Supplied information:

"""

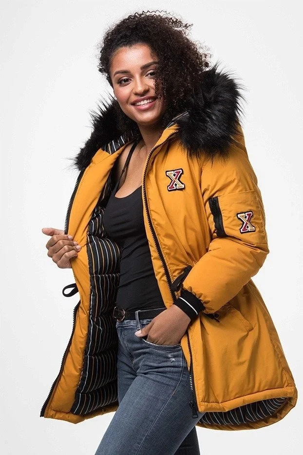 Přidání recenze k Černá delší dámská zimní bunda s kapucí (m8-757)
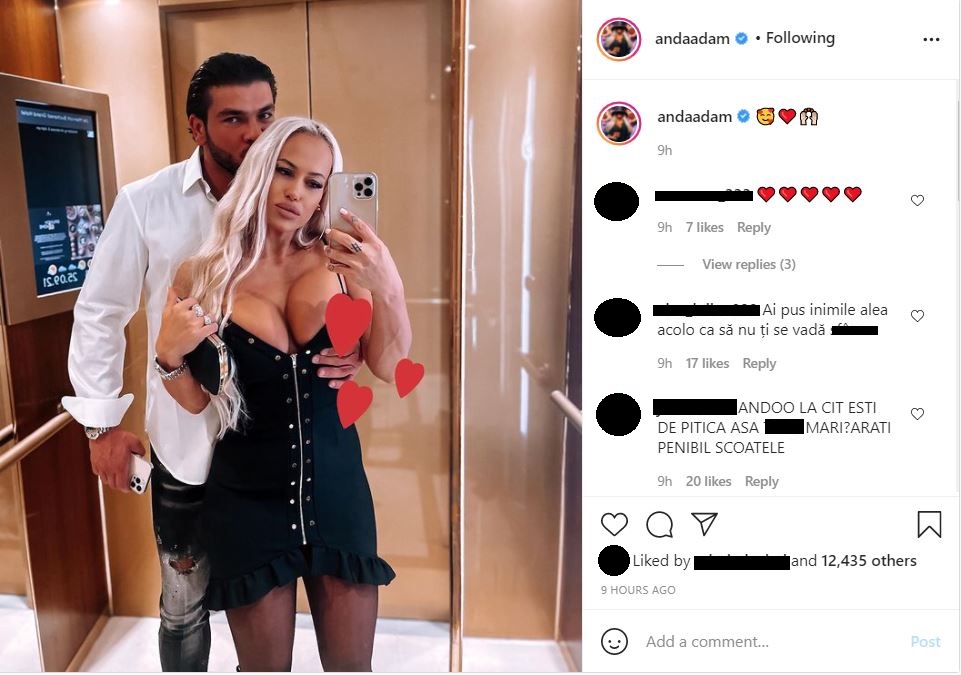 Anda Adam și Yosif Eudor Mohaci, iubitul ei, s-au fotografiat în oglindă, iar imaginea a ajuns pe rețelele de socializare. Cântăreața a fost luată ”la rost” de internauți, după ce un detaliu intim le-ar fi sărit în ochi. În imagine, în zona bustului, apar trei inimioare, semn că ar putea „ascunde” un detaliu intim. Îmbrăcată într-o rochie neagră, mulată pe corp, Anda Adam pare mai îndrăgostită ca niciodată de partenerul ei de viață.
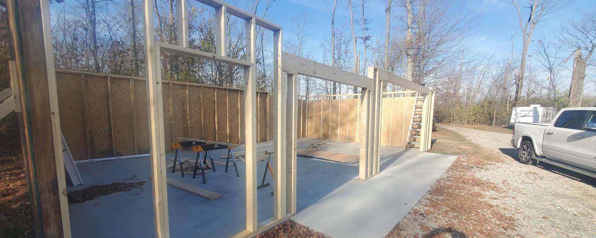 Once framing and roofing are complete, you will notice the structure keeps rain and snow out immediately. Doors open wide enough to move mowers, ATVs, or stacked materials in and out without scraping or angling. Inside, the open span gives you flexibility to add shelving, workbenches, or partitions later if your storage needs change.
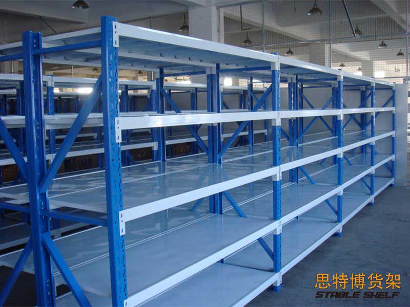 屬于倉儲貨架的一種,擱板貨架類型。是按貨架的承載量來區(qū)分與命名的。按照這一劃分原則中型貨架介于輕型貨架和重型貨架之間,故名中型貨架。通常貨架承載150kg-800kg/層(貨架載荷絕大多數(shù)是以層為單位的承載量計算)。
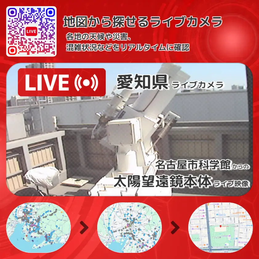 名古屋市科学館から、太陽望遠鏡本体が確認できるライブカメラです。
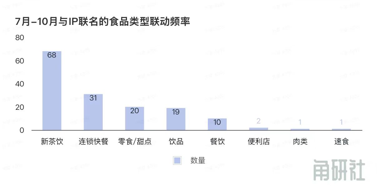 从图中可以见新茶饮品牌联动频率最高,仅三个月时间内就至少有不低于68起的联名联动合作。

"""

Work to be completed:
Would you write out exactly the lines of the data from the one holding "名古屋市科学館から、太陽望遠鏡本体が確認できるライブカメラです。" to the final line, both included, with pictures left out?

Exercise solution:
 名古屋市科学館から、太陽望遠鏡本体が確認できるライブカメラです。
 从图中可以见新茶饮品牌联动频率最高,仅三个月时间内就至少有不低于68起的联名联动合作。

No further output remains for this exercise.